C’est dans l’une de ces communautés constituées de neuf villages indépendants que naît Okonkwo, qui, dès qu’il est en âge de raisonner, jure de se démarquer de son père, connu pour ne pas être des plus courageux.

Le lecteur vit de l’intérieur toutes les étapes sociales que franchit, une à une, l’infatigable cultivateur d’ignames, surmonte avec lui les épreuves que représentent les saisons de piètre récolte, les mauvais sorts, les deuils, partage avec lui la satisfaction qu’engendre la lente multiplication de greniers remplis d’ignames à mesure de l’extension de la surface des terres qu’il lui est donné de cultiver, ressent avec lui la fierté de pouvoir prendre conséquemment une deuxième épouse, puis une troisième, puis une quatrième, et se réjouit de le voir acquérir l’un après l’autre les titres traditionnels, très précisément codifiés dans le contrat social du clan, qui font de lui, progressivement, un notable respecté dans la communauté. Et il souffre avec Okonkwo, tout en reconnaissant la légitimité, conforme à la coutume, de la sanction, lorsque celui-ci est exclu du clan d’Umuofia pour sept ans pour avoir provoqué accidentellement la mort du fils d’un des notables du village.

Mais l’intégration va plus loin ! L’auteur réussit à réduire extraordinairement, voire à supprimer, toute distance entre le lecteur et la vie quotidienne de la communauté : le lecteur n’est pas l’étranger, le visiteur, invité, le temps d’un livre, à être le témoin de scènes qui lui seraient contées, il y est, il y participe, il se sent Ibo car il y naît Ibo, il EST Ibo ! Tout lui est immédiatement naturel. Il n’est pas dans l’exotisme, dans le spectacle. On ne lui demande pas de comprendre, d’interpréter, de comparer. Le regard de l’ethnologue est exclu, interdit, car définitivement inconvenant.
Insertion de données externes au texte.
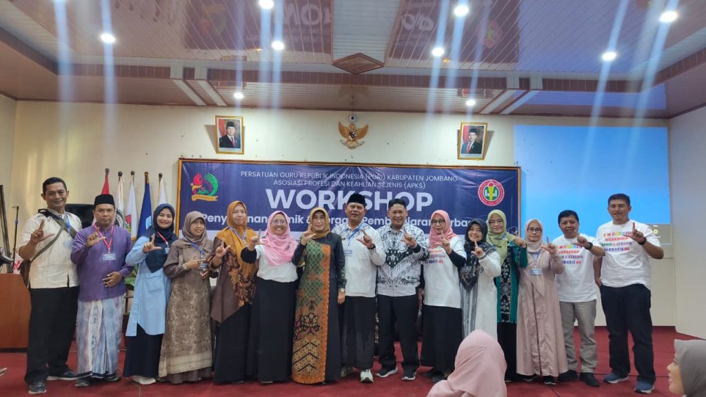 Jombang, 17 Oktober 2025 – Gemuruh tepuk tangan dan suara yel-yel APKS PGRI membahana di ruangan Aula Tutwuri Handayani gedung PGRI Jombang. Pagi itu, tanggal 16 Oktober 2025, pukul 6.45 lobi panitia telah dipenuhi oleh para peserta workshop yang terlihat sangat haus ilmu. Workshop kekinian yang mengambill tema “PENYUSUNAN KOMIK DAN CERGAM PEMBELAJARAN BERBASIS AI” dipandegani oleh Asosiasi Guru SD yang merupakan bagian dari Asosiasi Profesi dan Keahlian Sejenis (APKS) yang merupakan salah satu kaki dari PGRI Kabupaten Jombang.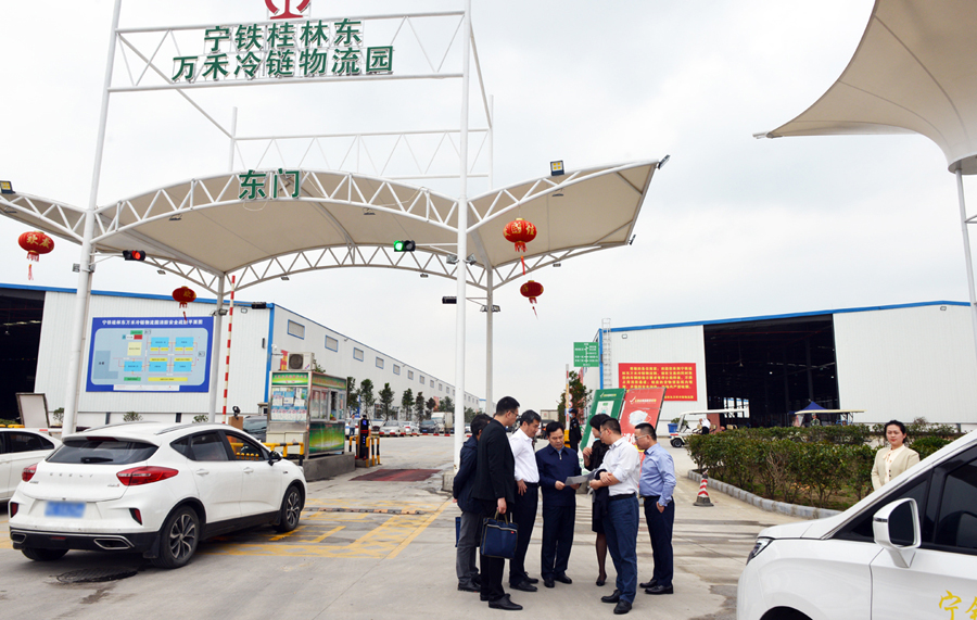 3月18日下午,南寧鐵路局副局長楊燁,廣西寧鐵物資工業(yè)有限公司黨委書記、董事長石小東,廣西寧鐵物資工業(yè)有限公司桂林分公司總經(jīng)理陸泉州,南寧鐵路局開發(fā)處處長鄧順秋等赴寧鐵桂林東萬禾冷鏈物流園,考察寧鐵桂林東萬禾冷鏈物流園三期功能配套建設相關工作,桂林萬禾農產(chǎn)品有限公司黨總支書記、總經(jīng)理崔萌佳隨行講解。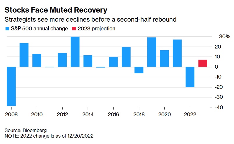 准备告别全球金融危机以来美股最糟糕一年的投资者,可能要为2023年上半年将发生的又一轮暴跌行情做好充足的准备工作。这一悲观的预期,可以说是摩根大通、摩根士丹利和高盛集团等华尔街投资机构的资深策略师达成的共识预期。

Evidemment, l’assimilation qui s’opère ainsi l’amène à considérer, comme Okonkwo, avec méfiance, puis avec angoisse, enfin avec colère, l’intrusion brutale des missionnaires et la christianisation désastreuse de membres de plus en plus nombreux de la communauté, avec pour promptes conséquences l’acculturation et la déstructuration sociale. Et le lecteur ne peut qu’entrer en rébellion, aux côtés de son héros, contre les envahisseurs, pour un combat qui apparaît hélas rapidement comme irrémédiablement perdu.

« Okonkwo était profondément affecté. Il pleurait sur le clan, qu’il voyait mis en pièces et s’effondrer, et il pleurait sur les hommes d’Umuofia, hier si belliqueux, inexplicablement devenus mous comme des femmes ».

Il se produit là comme une espèce de revanche, une acculturation inversée, à des siècles de distance.

Pour le lecteur, comme pour Okenkwo, « le pays des vivants ne se [trouve] pas très loin de celui des morts. Il y [a] entre les deux de nombreuses allées et venues, surtout pendant les fêtes et aussi quand un vieil homme [meurt] ».

Pour le lecteur, comme pour Okenkwo, la normalité est Ibo, et la barbarie est européenne.

Alors, pour le lecteur, comme pour Okwenko, avec l’arrivée du Blanc, « tout s’effondre » !

On ne peut que féliciter Actes Sud pour cette réédition.